De Lucchi has designed lamps and furniture for well-known Italian and European companies, such as Artemide, Olivetti, Alias, Unifor, Hermès, and Alessi.
He has designed and restored buildings in Japan for NTT, in Germany for Deutsche Bank, in Switzerland for Novartis, and in Italy for Enel, Olivetti, Piaggio, Poste Italiane, and Telecom Italia. In 1999 he was appointed to renovate a number of ENEL (the Italian Electricity Company) power plants.
He has also developed a number of architectural projects for private and public clients in Georgia, such as the Ministry of Internal Affairs and the Bridge of Peace in Tbilisi. He has undertaken a number of projects for the city of Milan including the pavilions for Expo 2015 (Padiglione Zero, Expo Center, Intesa Sanpaolo) and the UniCredit Pavilion in Piazza Gae Aulenti.
His professional work has always run in tandem with a personal exploration of design, technology, and craftsmanship. Since 2004 he has sculptured small wooden houses using a chainsaw to create the essence of the architectural style.
His First chair, in 1983, was an emblem of the era.

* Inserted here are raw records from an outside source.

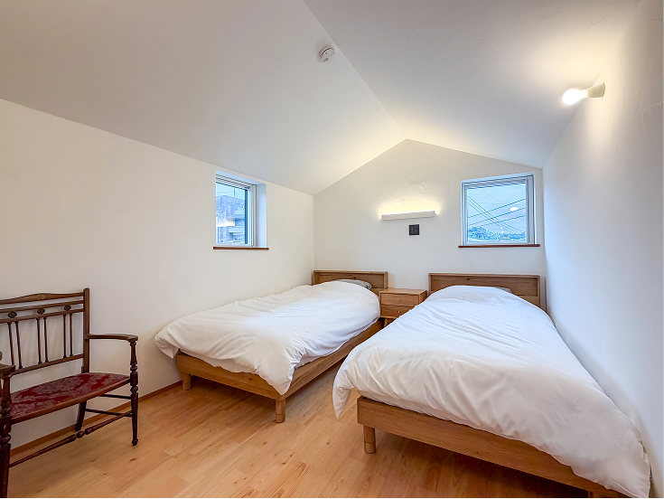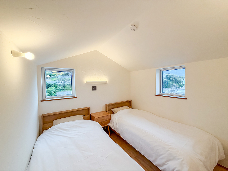 ツインの寝室。※3人以上宿泊時のみ開放。
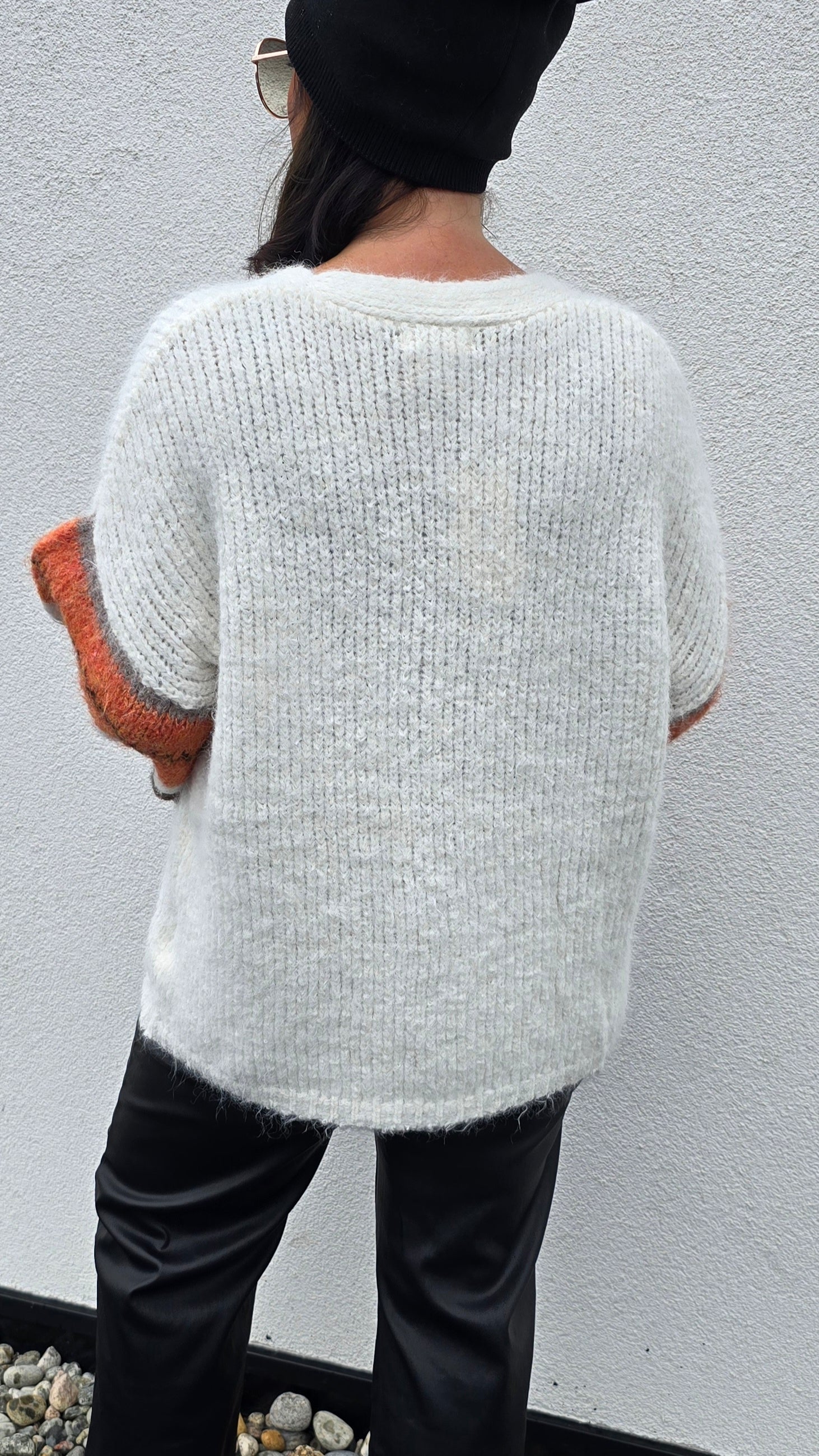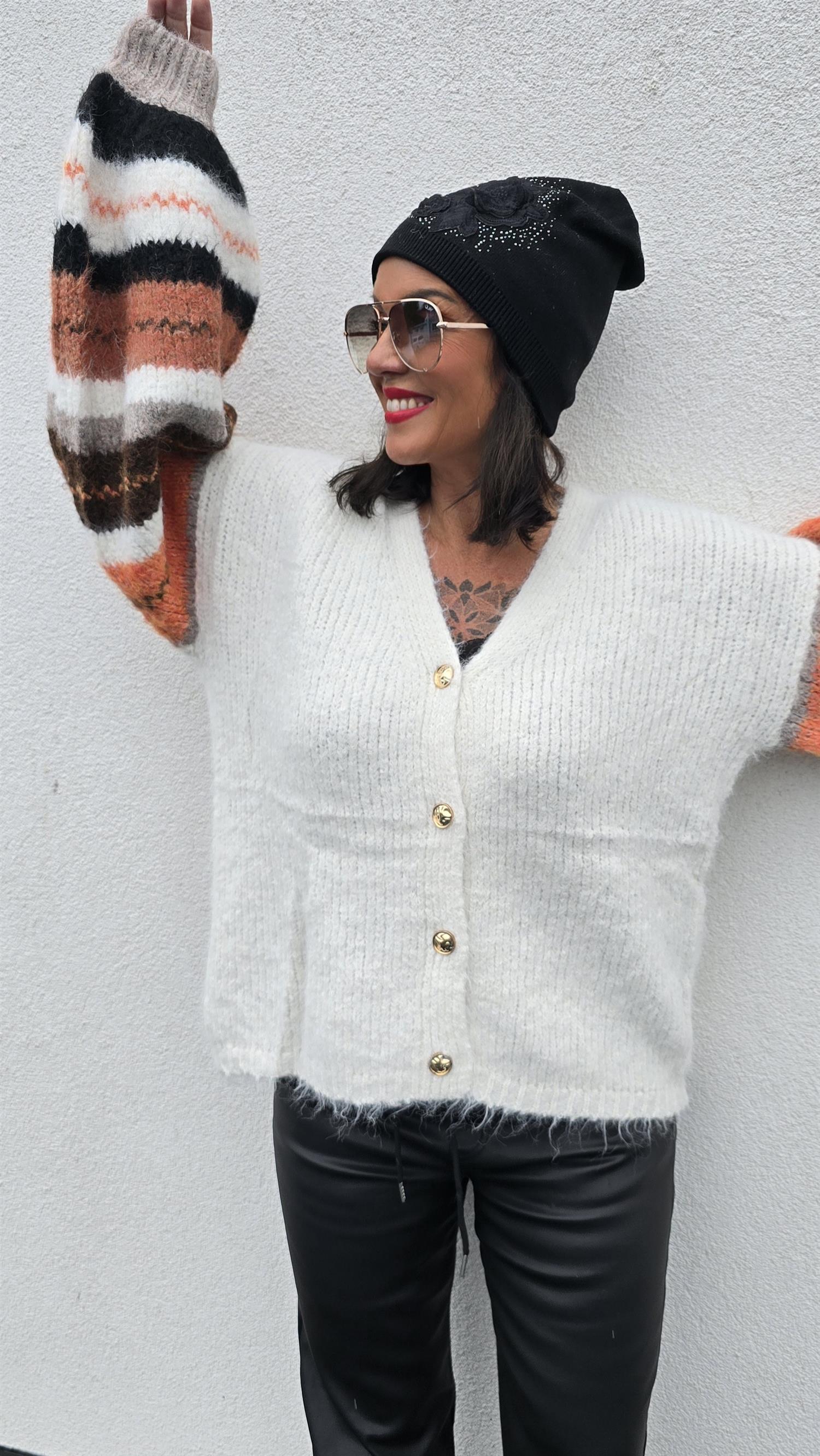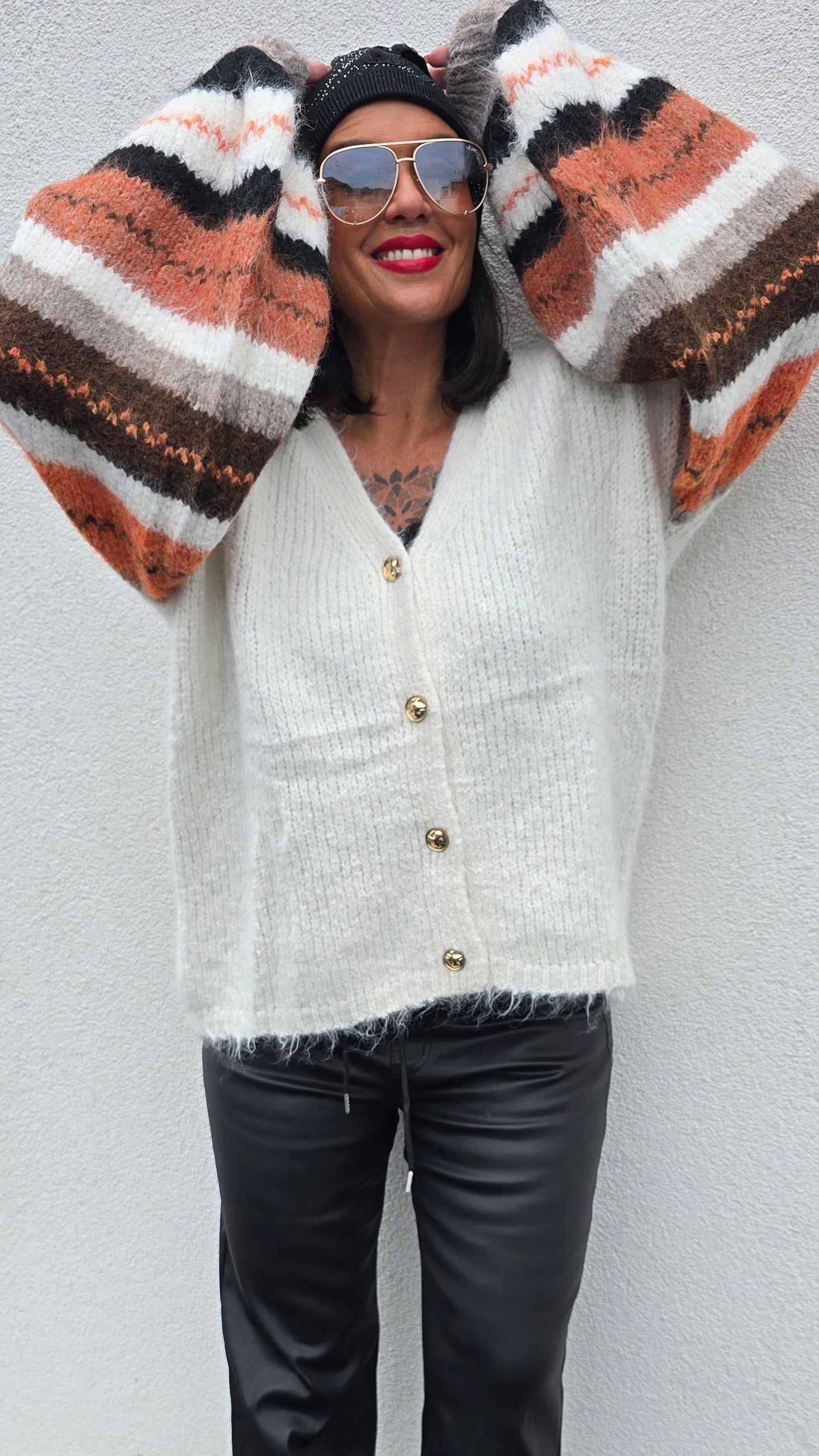 Stickad genser jacka med fina guld knappar I front. Extra stora puffiga armar med så fint mönster. V-hals. God vidde.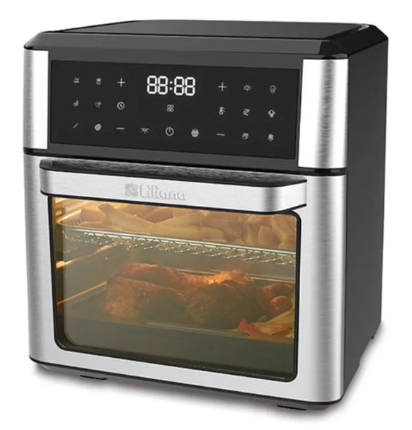 Horno y Freidora de Aire AirCook de Liliana, modelo AF950, la solución todo en uno para cocinar de manera saludable, rápida y eficiente en tu hogar! Con su tecnología de convección y panel digital con 11 programas predeterminados, este equipo te permite freír, hornear, asar y cocinar al vapor con hasta un 85% menos de aceite. Además, su diseño moderno con frente de acero inoxidable, doble vidrio y luz interior garantiza una cocción precisa y cómoda.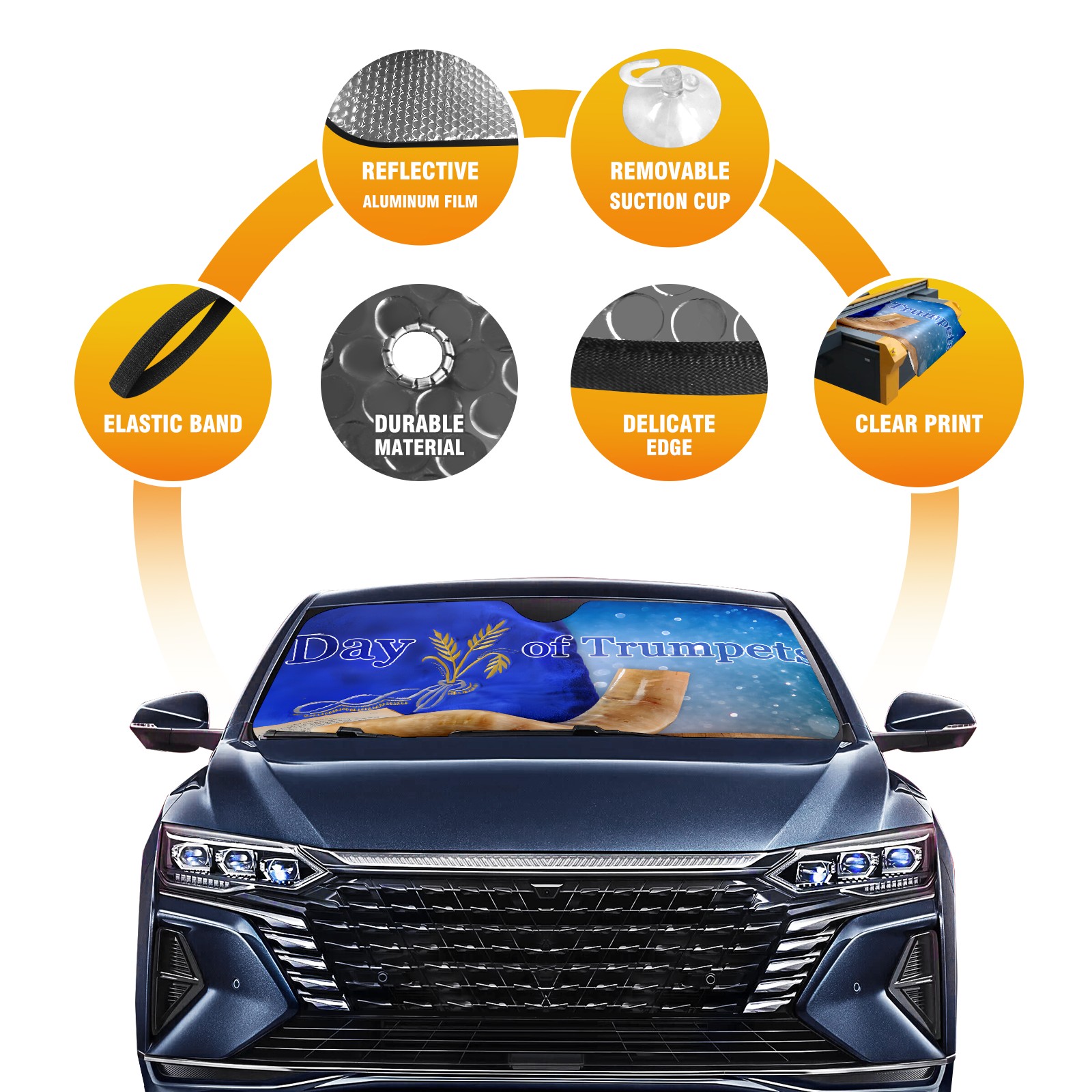 Yom Teruah Car Sun Shade UV Protection Foldable Sunshade for Windshield Heat Insulation Portable Sun Shield for Car Interior Protection Automotive Window Protector

It features a rudimentary round base suspended in metal orbit with a disc-shaped back and two spherical “arms”. The shape is at once reductive and comical, full of humor but empty of expression.
De Lucchi’s bestseller by far is the Tolomeo lamp, developed for Artemide in 1987 and awarded the Compasso d’Oro – the design world’s Oscars – in 1989. Riffing off the industrial aesthetic of high tech, the articulated, polished aluminum stem and arm are held in a tensile cantilever by an external cable; the anodized, cup-shaped shade is easily manipulated by a slender rod. Flamboyantly functional, it’s architectural in allure.
In 2018, he was the Editor-in-Chief of the historic magazine Domus for 10 issues. He has received numerous awards, including the Compasso d’Oro in 1989, 1991, and 1994. In 2000, he was awarded the title of Officer of the Italian Republic; in 2001, he was appointed Full Professor at the Faculty of Design and Arts of the IUAV (University Institute of Architecture) of Venice and, in 2006, he received an honorary degree from Kingston University.
His radical designs laid the foundations of post-modernism. He believes that modernity has meaning only in the consciousness of the past. Thus, for him, design means living with the tradition of manual skills while adapting them to the present needs of life.